The biggest trick is just some of the nuances of how systemd will expand the variables [1], ensuring that i'm outputting five distinct variables and not one variable which contains '192.168.1.10 HTTP_PROXY="192.168.1.10" https_proxy="192.168.1.10" HTTTPS_PROXY="192.168.1.10" no_proxy=matchbox.sfo.rvu.io"'. Note: This uses the Go templating functionality available within Matchbox to populate .proxy_endpoint.

knweiss commented 6 years ago

@brianredbeard I’m on vacation and can’t lookup the details right now. As far as I remember I did hardcode the proxy settings in this file and did not use variables. I come back to this issue in the last week of January.

knweiss commented 6 years ago

@brianredbeard One more comment: With the workarounds mentioned above two CoreOS updates finally went through fine. However, issue #223 (Tectonic update) remained an open issue (and blocker for our test deployment) I could not work around before I went on vacation. I would appreciate if you could take a look at my detailed comment in this issue, too.

esselfour commented 6 years ago

@knweiss

Also stuck with the issue #223 when trying to update behind a proxy - did you manage to find a workaround? Thanks.

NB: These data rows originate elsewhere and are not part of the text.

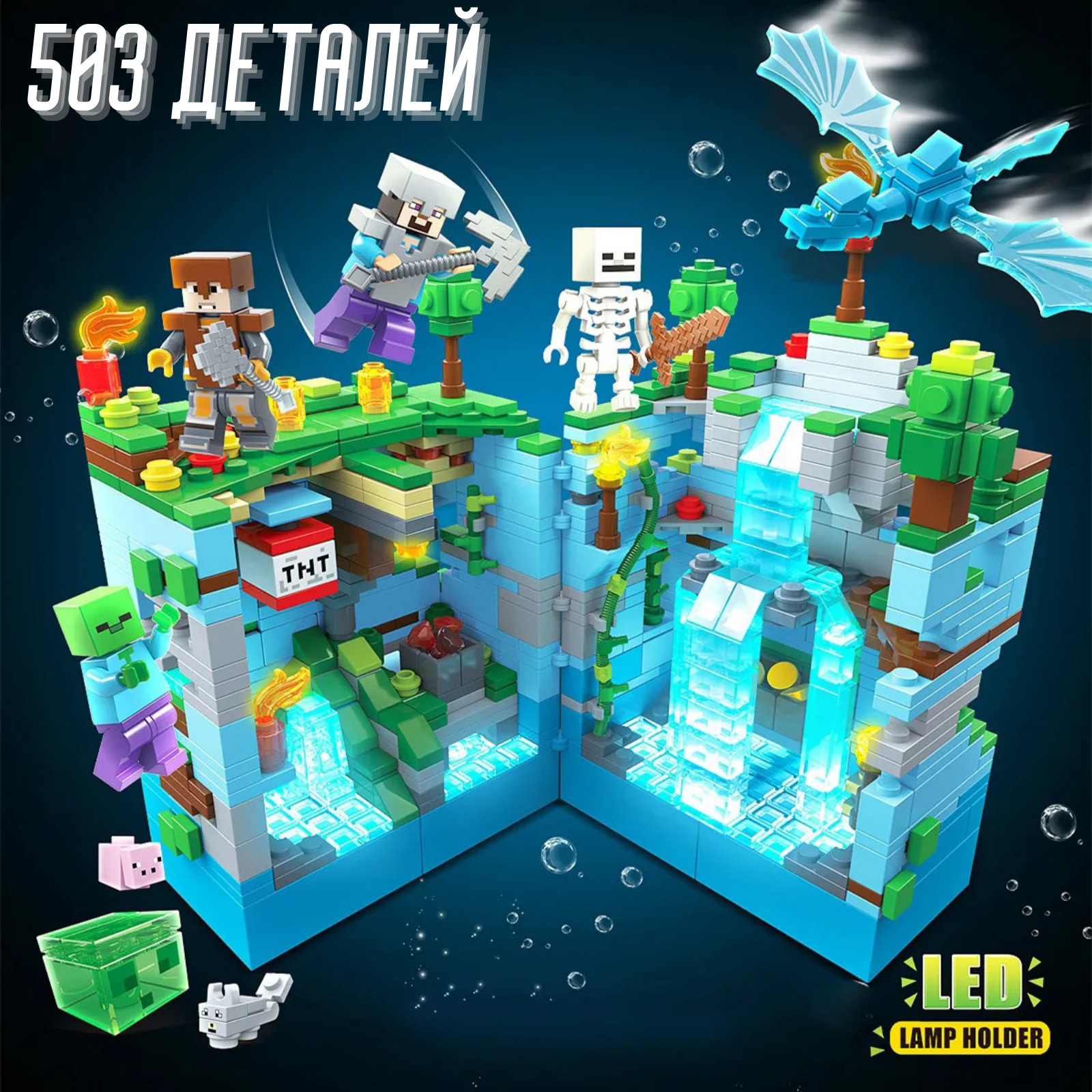 Конструктор Майнкрафт 503 деталей "Затопленная крепость" с LED подсветкой / Конструктор minecraft / конструктор для мальчиков
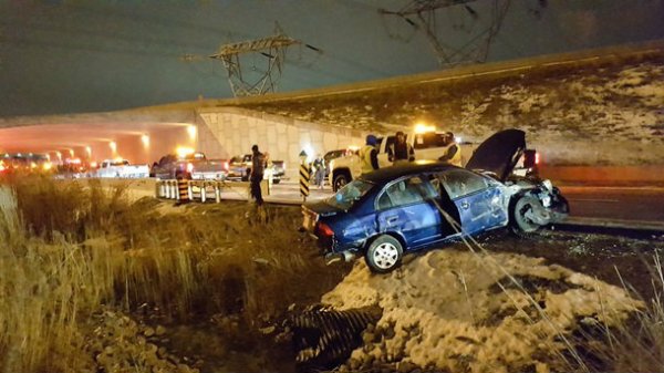 Сообщается, что всего за несколько часов в полицию провинции Онтарио поступили сообщения о более 70 ДТП, в том числе и о переворачивании автомобилей.
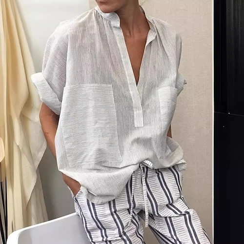 Per uomo Camicia Camicia elegante Camicia con Bottoni A righe Matrimonio Quotidiano Blu Azzurro cielo Grigio chiaro Grigio Manica Corta Collo ripiegato Estate Abbigliamento

knweiss commented 6 years ago

@esselfour No. However, I've had a long break from this project and just resumed my testing. @brianredbeard Sorry for the long delay. My /etc/systemd/system.conf.d/10-default-env.conf looks different as I used one DefaultEnvironment= line per variable:

[Manager]
DefaultEnvironment=http_proxy=http://192.168.144.2:8118
DefaultEnvironment=HTTP_PROXY=http://192.168.144.2:8118
DefaultEnvironment=https_proxy=http://192.168.144.2:8118
DefaultEnvironment=HTTPS_PROXY=http://192.168.144.2:8118
DefaultEnvironment=no_proxy=127.0.0.1,.localdomain,192.168.167.211,192.168.167.212,192.168.167.213,192.168.167.214,192.168.167.215,192.168.167.216,192.168.167.217,192.168.167.218,192.168.167.211,192.168.167.212,192.168.167.213,192.168.167.214,192.168.167.215,192.168.167.216,192.168.167.217,192.168.167.218,192.168.120.1,192.168.50.253
DefaultEnvironment=NO_PROXY=127.0.0.1,.localdomain,192.168.167.211,192.168.167.212,192.168.167.213,192.168.167.214,192.168.167.215,192.168.167.216,192.168.167.217,192.168.167.218,192.168.167.211,192.168.167.212,192.168.167.213,192.168.167.214,192.168.167.215,192.168.167.216,192.168.167.217,192.168.167.218,192.168.120.1,192.168.50.253
knweiss commented 6 years ago

@brianredbeard Setting the environment variables in a single line doesn't make a difference for #223. This is still a show stopper for me. I.e. Container Linux updates work fine using the web proxy (I'm now on 1632.2.1) but Tectonic updates fail as explained in #223.